A large physical storage capacity is often difficult to use efficiently. Configuring, maintaining, and backing up large storage volumes can be time-consuming. Also, it can be difficult to integrate large storage volumes into RAID arrays to obtain improved availability and reliability. To improve sharing such a large storage capacity amongst many host computers and processes, the storage is typically segregated into smaller pieces called logical units which are then assigned to one or more host computers.
SANs can be complex systems with many interconnected computers, switches and storage devices, and this complexity can make it difficult for SAN administrators to troubleshoot a problem, particularly where the problem occurs as a connectivity issue, whether in or to the host computers, the switches, the storage devices themselves, or in or to the ports of the host computers, storage devices and/or the switching fabric, or in any of the physical interconnections therebetween, amongst other possible sources of error. Thus, a benefit may accrue to SAN administrators upon the provision of a simplified way to confirm connectivity across a network, and to isolate the reason or reasons for a particular connectivity failure if they find a lack of connectivity. Physical connections and the configurations of multiple devices can all contribute to a connectivity failure. The SAN administrator must determine which cause or causes are at fault on the many possible paths between one side of the network and the other. In addition, SAN administrators may select appropriate objects (e.g., host computers, switch ports and storage devices) to connect to each other. The more a SAN administrator knows about the state of the network, and the possible paths between end objects, the easier it is to select objects that will require a minimum of effort to connect successfully.

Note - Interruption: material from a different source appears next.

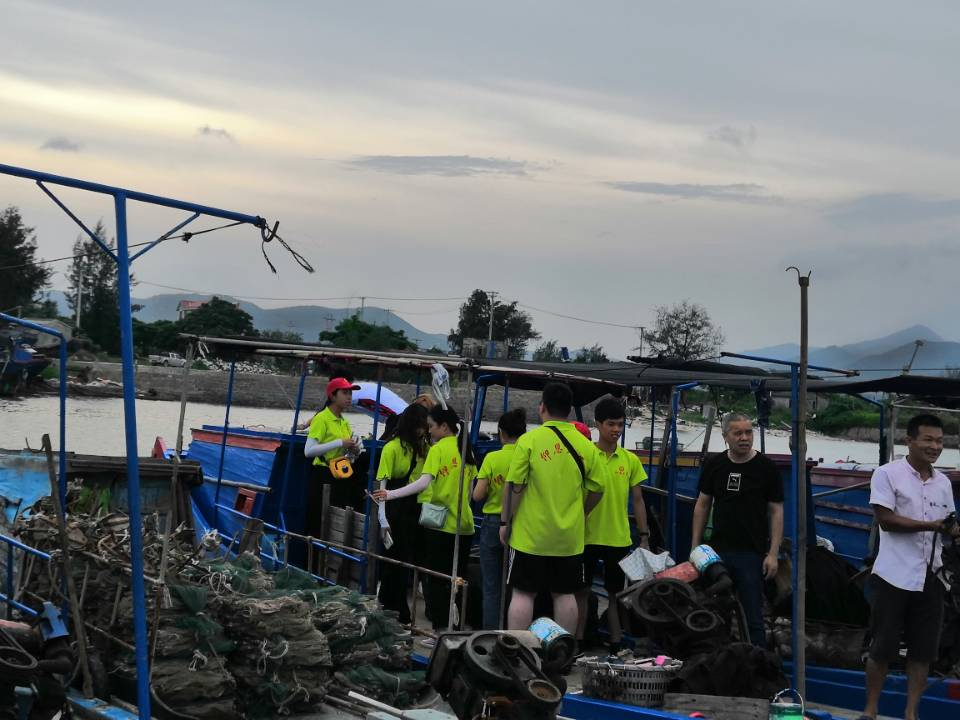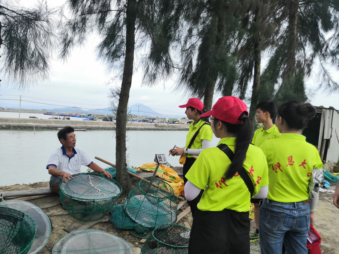 邱城村以海产著名,其中青蟹是邱城村主要海产。在邱城村村干部的带领下,实践队成员们参观了港口、海产养殖场、氧气池场等地,了解到邱城村船只维修年限、海产养殖情况、海产保鲜的方法。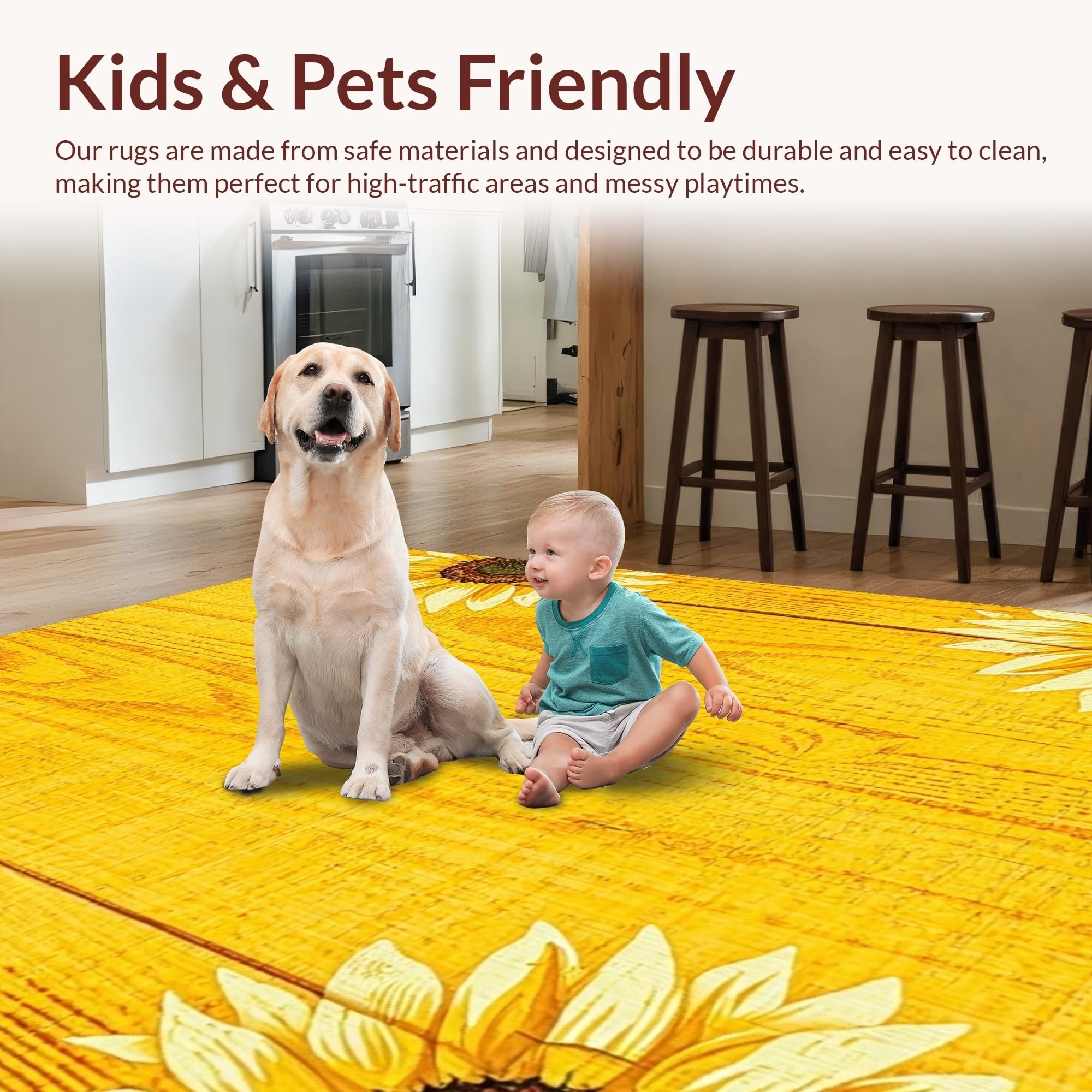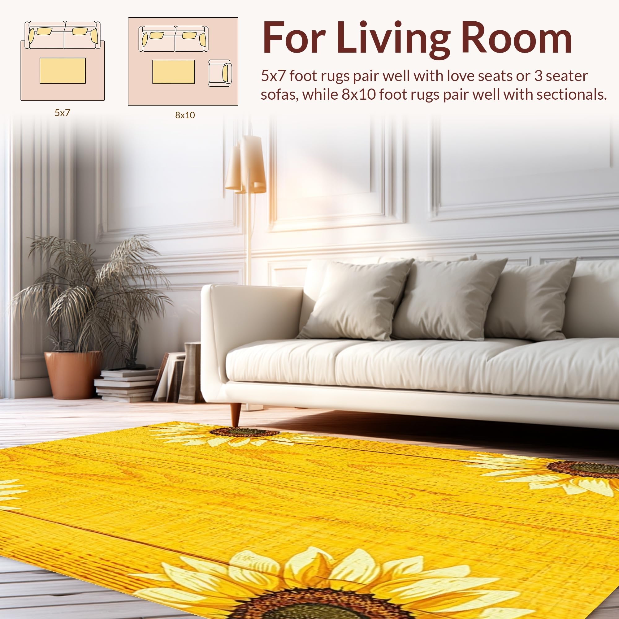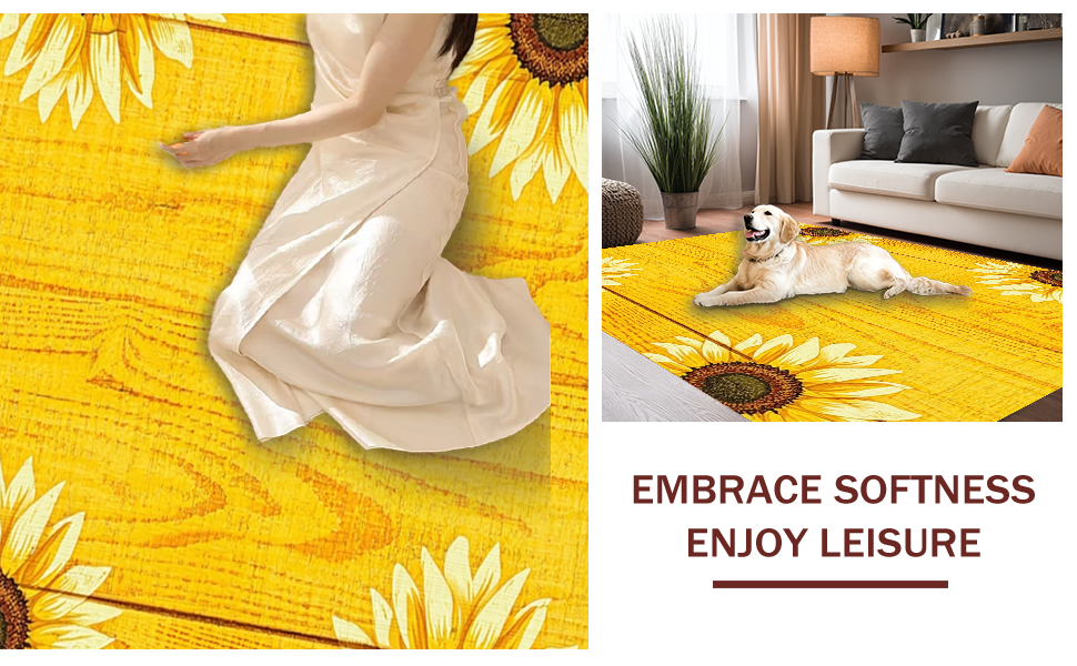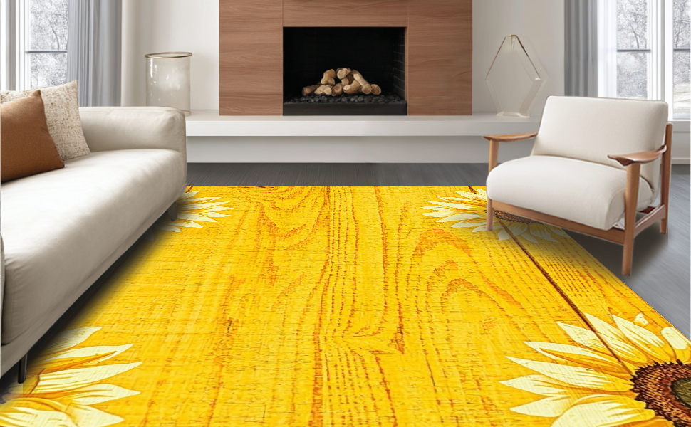 Ultra Soft Area Rug, Non Slip, Stain Resistant, Washable Area Rugs for Living Room, Bedroom, Elegant Wooden Board Floral Art(Yellow) Overview:

In the past, SAN administrators have had to physically inspect the end-to-end cable paths and then invoke multiple software applications to record and view the configurations on multiple devices to determine the cause or causes of a connectivity failure. This has involved steps of reviewing multiple event logs, and/or maintaining complicated spreadsheets to try to isolate the source of a problem. This work is especially time consuming if there really is no network connectivity and the network administrator is called upon to “prove a negative,” by showing that there are no failures or wrong configurations in the network. Network administrators have also used spreadsheets to maintain relevant pieces of data, often on separate sheets, to determine which objects are the best candidates for connection. A solution, particularly in the form of a system, software and/or methods for software, data structures and/or systems for confirming connectivity in storage area network is currently unavailable.